Thousands of miles later, former BYU star Eric Mika's road to NBA as close as it's ever been

By Sean Walker, KSL.com | Posted - Jan. 25, 2020 at 10:22 a.m.



SALT LAKE CITY — Eric Mika’s first glimpse of the Wasatch Mountains when he flew in to Salt Lake International Airport was special.

The former Lone Peak High and BYU star was in town on a business trip, with the Stockton Kings for Friday night’s NBA G League contest with the SLC Stars. But Mika found some time to mix pleasure with business, spending Thursday night with his wife, Gabrielle, who is in town on an internship.
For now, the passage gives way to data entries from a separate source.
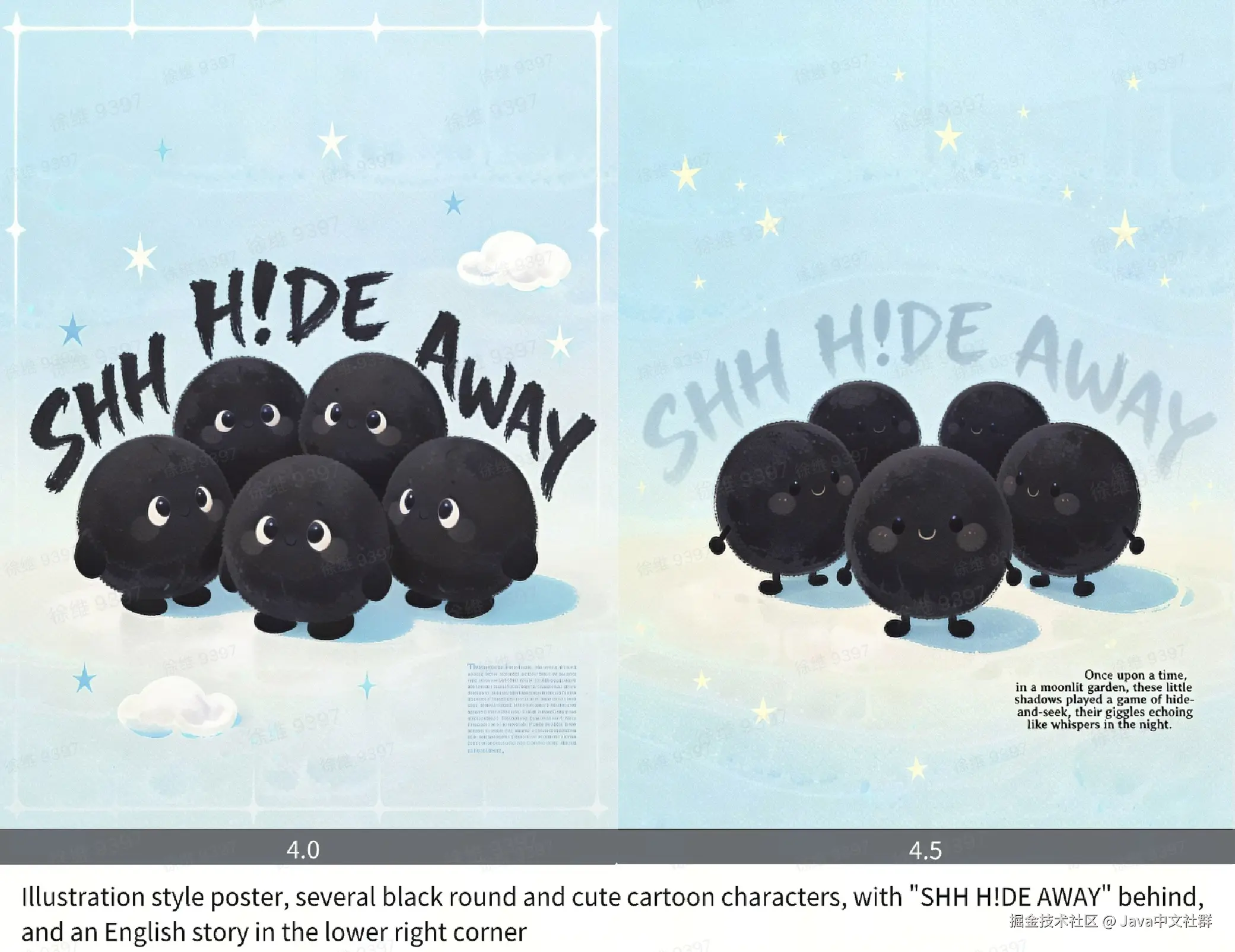 对比 4.0 和 4.5 生成的同款提示词,4.5 在构图、光影和整体氛围感上,明显上了一个台阶。
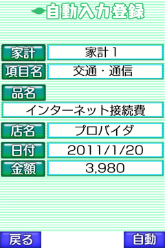 給与や家賃など、毎月決められた額の収支がある場合、自動的に入力する機能です。
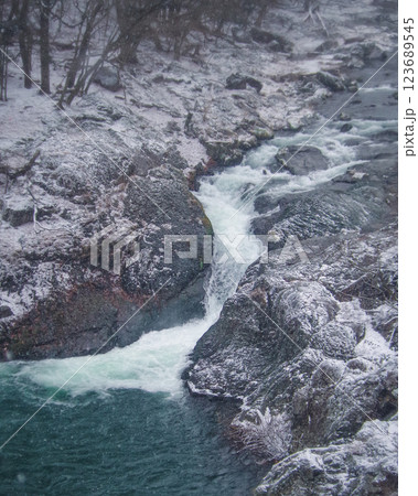 栃木県那須塩原市 塩原温泉を流れる箒川と布滝
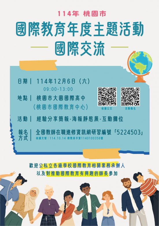 | (一) | 目的:藉由撰寫及執行經驗分享與交流,推廣桃園市國際教育及交流活動;彙整桃園市各級學校推動國際交流之成果,辦理「易拉展」海報展及互動攤位,展現多元交流面貌。 |
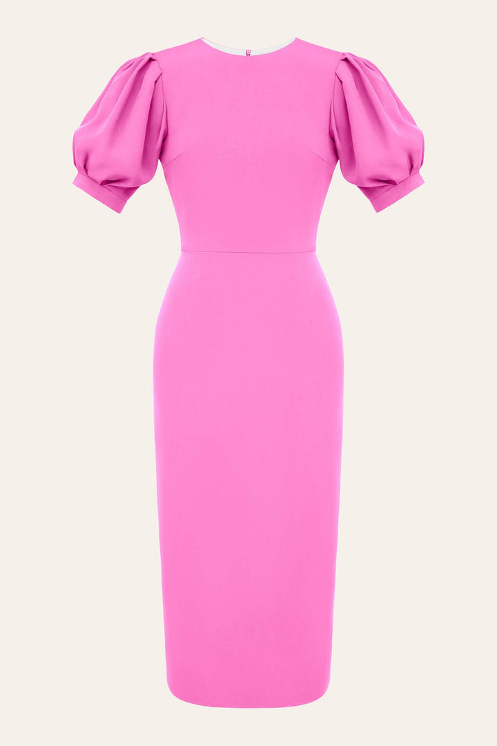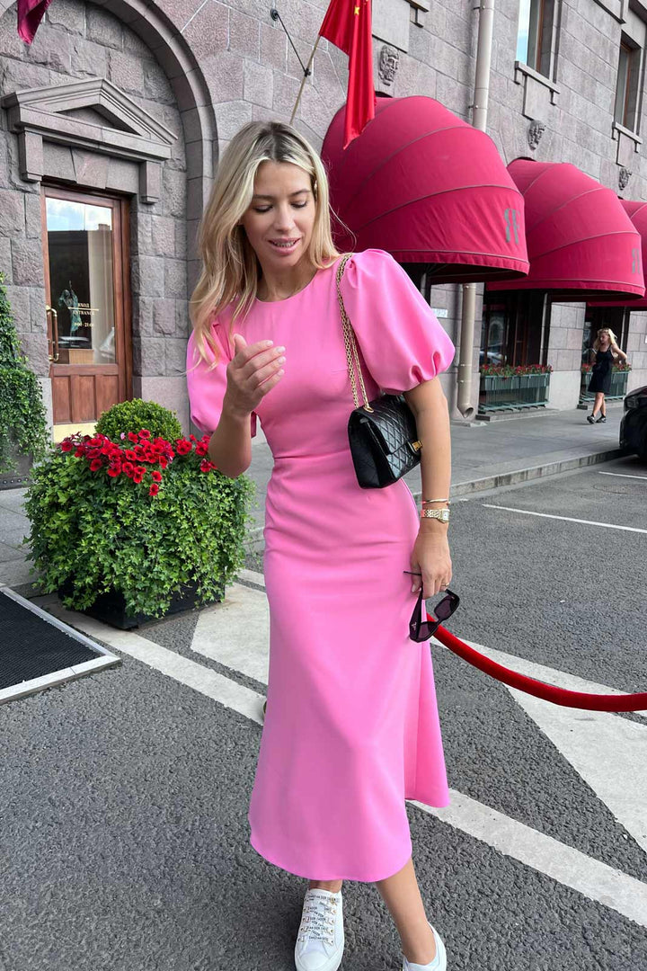 Godet Silhouette Puf Kollu Midi Elbise
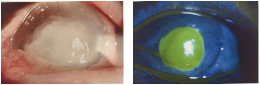 检查结果显示,姜阿姨左眼结膜充血严重,角膜上皮有一处约3*4mm的上皮脱落,且伴有脓性分泌物渗出;瞳孔呈圆形,但对光反射迟钝,晶状体也因眼部炎症无法清晰窥见。结合各项检查指标,姜阿姨被初步诊断为“左眼角膜溃疡”。
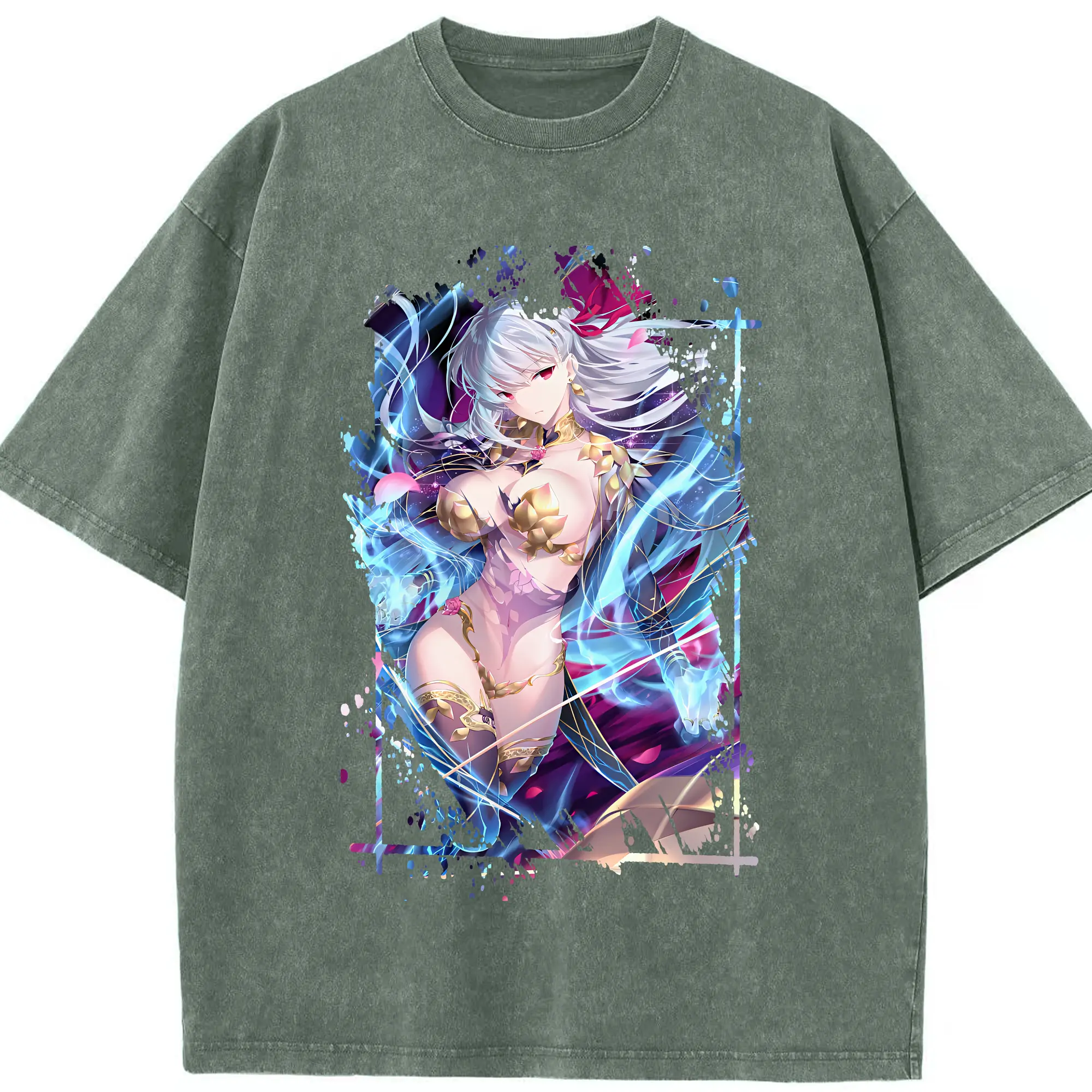 FGO グッズ,カーマ - 綿100% ヴィンテージ風 半袖Tシャツ ・ 背面プリント ・ 柔らか肌触り ・ 通気性 快適 ・ スポーツ カジュアル 外出用

They saw his parents in Alpine, spent some time with her parents in Highland, and even planned out a trip to Walmart. That last part doesn’t seem important — but after five weeks playing in China, even the Walmart back home feels a little extra special.

“I can’t complain about being back in the states, and living in Sacramento is awesome,” Mika told KSL.com. “We bus to the games in Stockton, and we’ve got a great following out there. They love basketball.

“The staff has been awesome, the Kings and also the Stockton Kings. I’m happy to be here; when I came back from China, I was happy to be able to come back here.”

On a weekend when many of Mika’s former teammates at BYU were in Stockton for a 74-60 win over Pacific, the 6-foot-10, 230-pound big man was back in his home state with the Kings.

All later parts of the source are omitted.